• [Provided entries]:
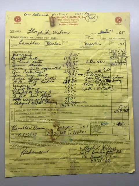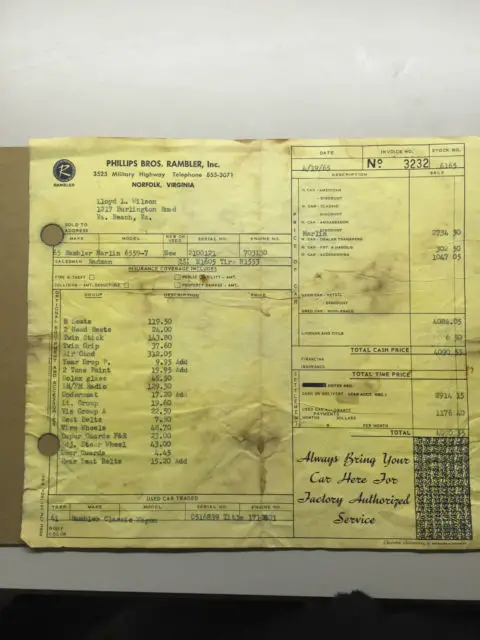 I haven't the fancy backdrop to sell this vehicle but I do have the fancy vehicle BARN FIND original paint car which Ive putup for auction. DOCUMENTED Rare 1965 Marlin Twin Stick with factory air conditioning (A/C, he A/C dash piece needsreinstalled (otherwise complete), win stick manual, are Tilt wheel, cylinder, black/white interior, qua exterior black roo, ew carpet, riginal spare in trunk and original trunk matt, lectric wipers, M FM Radio. All the right options. All weve done is wet sand with 2000 grit buffed and polished. Ask questions I will answer. Zero rust on car. A few spots have had little blow ins which are well done in the past. This vehicle I purchased from second owner which was good buddy of original owner. He bought the car in 1980 parked in his garage and that's the end till I purchased this year. Some day these vehicle will be auctioned for large money once they are noticed properly. This car has ALL THE DOCUMENTATION. BUILD SHEET, RIGINAL BILL OF SALE . ALL DOCUMENTS ON PRIOR SERVICE WORK HISTORY ETC. UNBELIEVABLE RECORDS. SEE PHOTOS
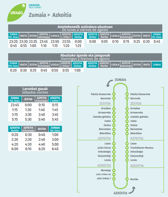 Abuztuan sartzearekin batera aldaketak egin dituzte eskualdeko autobusen ordutegietan, eta hainbat zerbitzu kendu eta beste batzuk gehitu egin dituzte. La Guipuzcoana enpresak bere webgunean jakinarazi duenez, lau autobus zerbitzutan izango dira aldaketak: Azkoitia-Donostia (UK01), Azkoitia-Zarautz (UK03), Zestoa-Ermua (UK05) eta Zumaia-Zumarraga (UK06) zerbitzuetan, hain zuzen ere.
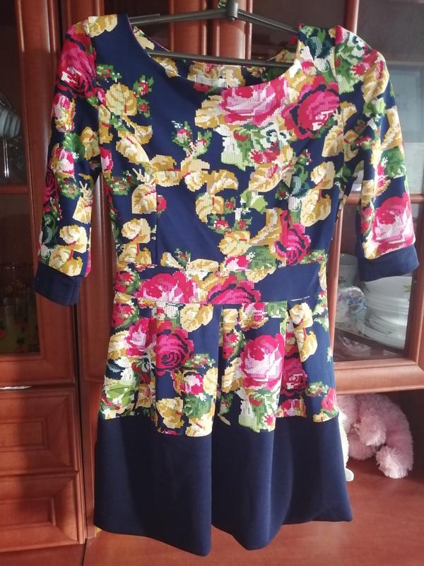 Красивое платье. Нарядное, принт вышывка! С боку молния.
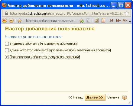 По кнопке Далее перейдем к третьему шагу работы мастера добавления пользователя, где потребуется определить роль пользователя по отношению к абоненту в целом.
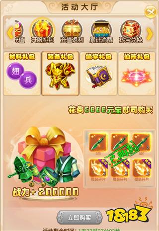 3、开服礼包、升级礼包中有橙色红色品质的装备,花费元宝即可购买,这类礼包奖励是远超元宝的价值的,小编建议大家购买,元宝可以在活动日常中慢慢攒,给它赚回来,礼包时限过去了就真的没了。如果正好有元宝累计消费活动开启的话趁机还能捞回不少奖励。
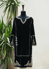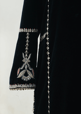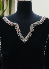 This velvet piece is embellished with fine hand-crafted details, including dapka, naqshi, resham threads, pearls, and shimmering Swarovski crystals for a touch of brilliance.
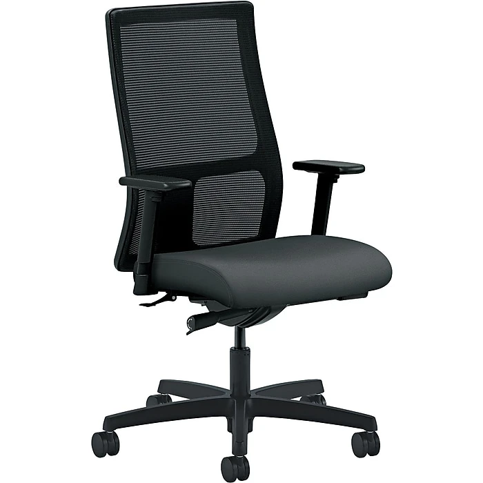 Ignition seating from HON fits your body, your work and your space. This mesh mid-back chair with synchro-tilt is a great blend of style and adjustability, and is excellent for time-intensive activities. Its high recycled content reduces wood waste. Warranted for users up to 300 lbs. Height- and width-adjustable arms are standard for added comfort. Seat upholstery color is Iron Ore, and mesh, frame and base color is Black.
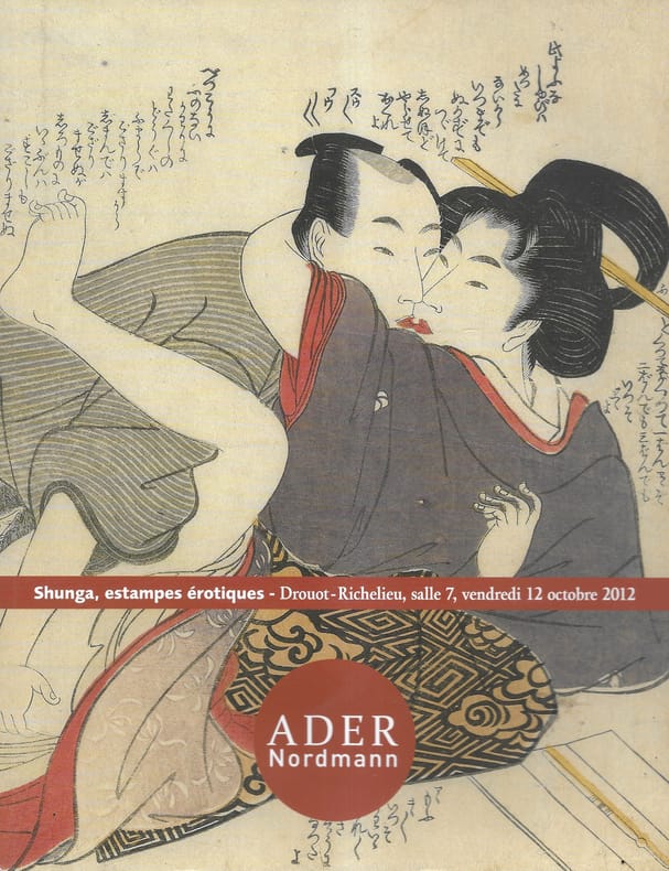 Ensemble de 10 estampes érotiques en noir au trait dans l'esprit des Shunga japonais. Le titre du cartouche n'a pas été traduit. Nous trouvons, collé dans la doublure de la couverture, une étiquette imprimée en français, portant cette inscription : "Cet Album, édité aux dépens des "Amis de l'Art Nippon", a été tiré à 10 exemplaires enluminés, numérotés de 1 à 10 ; 190 exemplaires sur Japon nacré, numérotés de 11 à 200 ; 12 exemplaires de collaborateurs, numérotés de I à XII. Exemplaire 13". Malgré un tirage relativement conséquent, nous n'avons strictement rien trouvé concernant cet album, ni sur les "Amis de l'Art Nippon" ; ni dans les principales bibliographies, ni sur le worldcat, ni sur le net. Nous pensons donc que le tirage n'a pas été totalement imprimé. En tout cas, ce recueil ne manque pas de charme !
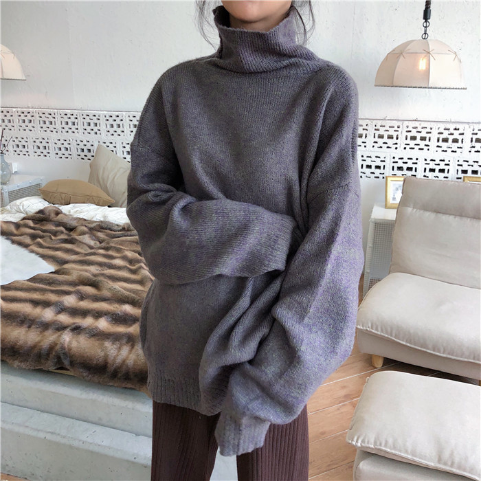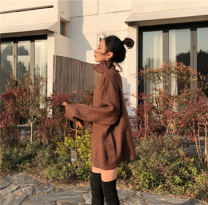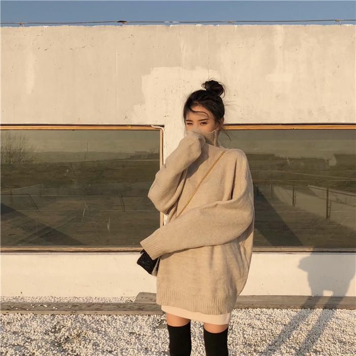 / 慵懶寬松新款韓版秋季中長款顯瘦百搭復古chic上衣女柔軟高領毛衣
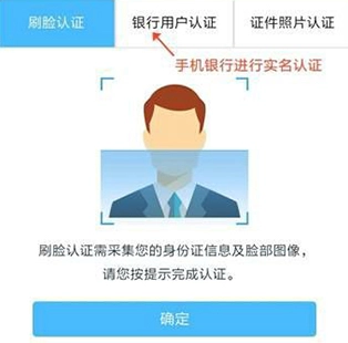 5、如果用户有手机银行,则选择手机银行认证!如果用户没有手机银行,则选择刷脸认证,扫描身份证正反面,按照提示刷脸。

• [Exercise]:
Given the entries above, transcribe exactly the lines from the one holding "По кнопке Далее" through the one holding "Ignition seating from"; pictures do not belong in the transcription.

• [Task response]:
 По кнопке Далее перейдем к третьему шагу работы мастера добавления пользователя, где потребуется определить роль пользователя по отношению к абоненту в целом.
 3、开服礼包、升级礼包中有橙色红色品质的装备,花费元宝即可购买,这类礼包奖励是远超元宝的价值的,小编建议大家购买,元宝可以在活动日常中慢慢攒,给它赚回来,礼包时限过去了就真的没了。如果正好有元宝累计消费活动开启的话趁机还能捞回不少奖励。
 This velvet piece is embellished with fine hand-crafted details, including dapka, naqshi, resham threads, pearls, and shimmering Swarovski crystals for a touch of brilliance.
 Ignition seating from HON fits your body, your work and your space. This mesh mid-back chair with synchro-tilt is a great blend of style and adjustability, and is excellent for time-intensive activities. Its high recycled content reduces wood waste. Warranted for users up to 300 lbs. Height- and width-adjustable arms are standard for added comfort. Seat upholstery color is Iron Ore, and mesh, frame and base color is Black.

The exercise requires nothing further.